The lights were too bright, and he tried to shield his eyes, but his muscles and nerves weren't obeying him. His hand stayed limp at his side, and he could only hiss his displeasure through gritted teeth. His eyes stung and burned, watering fiercely.
His surroundings emerged slowly—a stark, clean room. White walls, no windows. He was on the floor and his whole body shook like he had been sick for weeks.
What the hell, he tried to say, but his tongue was heavy and dry as sandpaper.
He didn't have to wait long for the answer to his unspoken question. Voices grew louder and louder until someone threw open the door to the room and he was swarmed by medic-nin, examining him, checking his vitals, asking him questions, giving him water and telling him to sip slowly even as they waited for his answers.
In all the din and tumult, it took him a moment to notice the other cluster of physicians across the room, talking in hushed, urgent voices around a figure slumped on the ground.
When he got a clear view, it took some time for him to process what he was seeing.

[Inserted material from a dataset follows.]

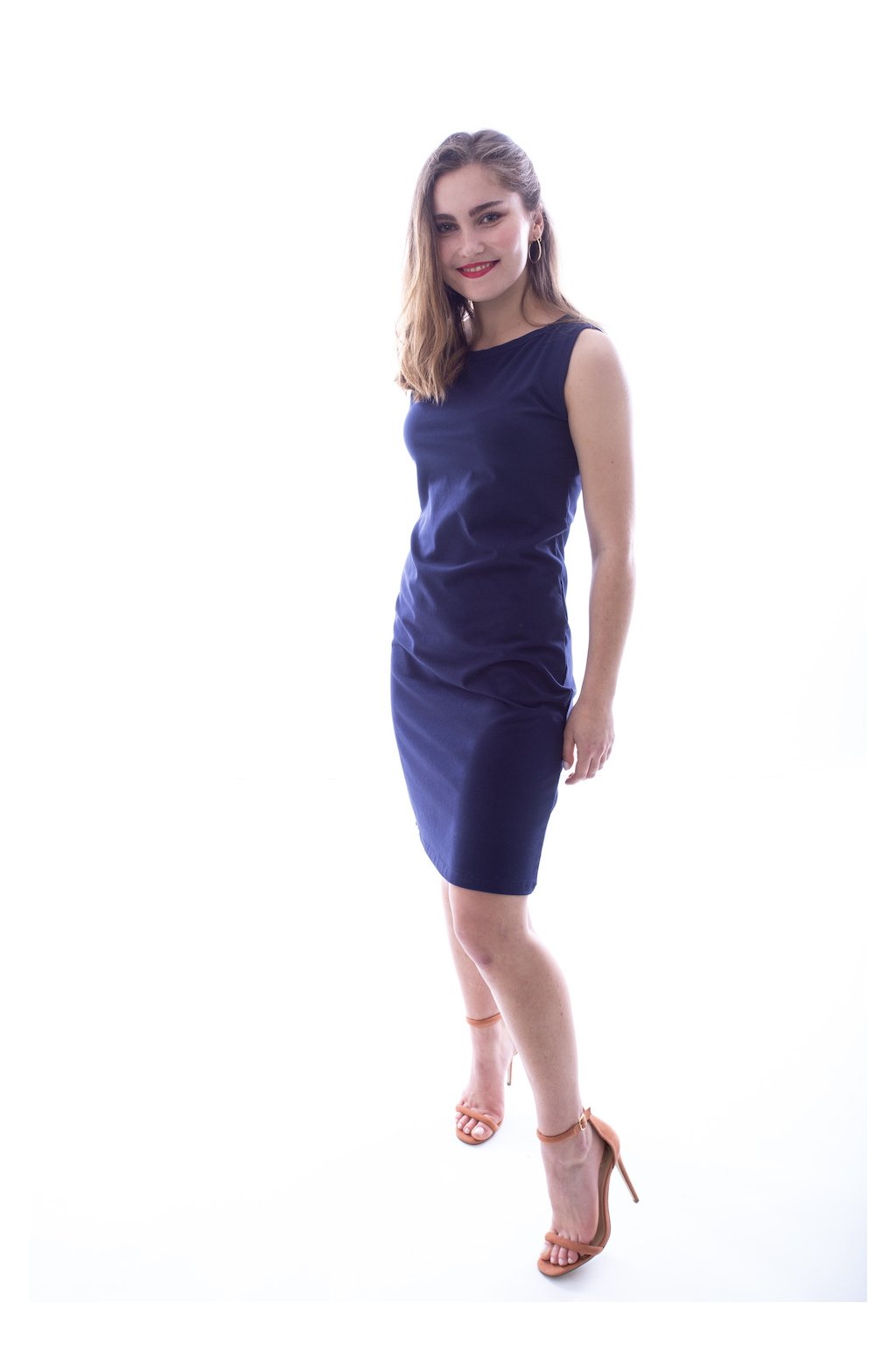 Velmi oblíbené tílkové šaty s délkou nad kolena. Střih kopíruje tělo a doplňuje ho dokonalý lodičkový výstřih. Abyste si vytvořila jedinečný outfit, doplňte šaty o různé pásky a šátky.

She looked unreal, splayed like a doll, her long, pale hair fanned out around her and as unkempt as he had ever seen it. There was dried blood crusted along her hairline, visible even under the bandages, and fresh blood had trickled from her nose onto her lips and down the line of her jaw, like some kind of macabre makeup. Bruises mottled one wrist beneath some kind of stabilizing cast.
And he couldn't tell if she was breathing.
A/N: Y'all. Your reviews continue to make me cry. (In a good way, I promise.) We're in the home stretch now. Maybe one or two chapters left to go. I genuinely could not have done this without you all coming back to tell me how much this meant to you, and it's been a joy and a privilege to share it with you. I hope I stick the landing.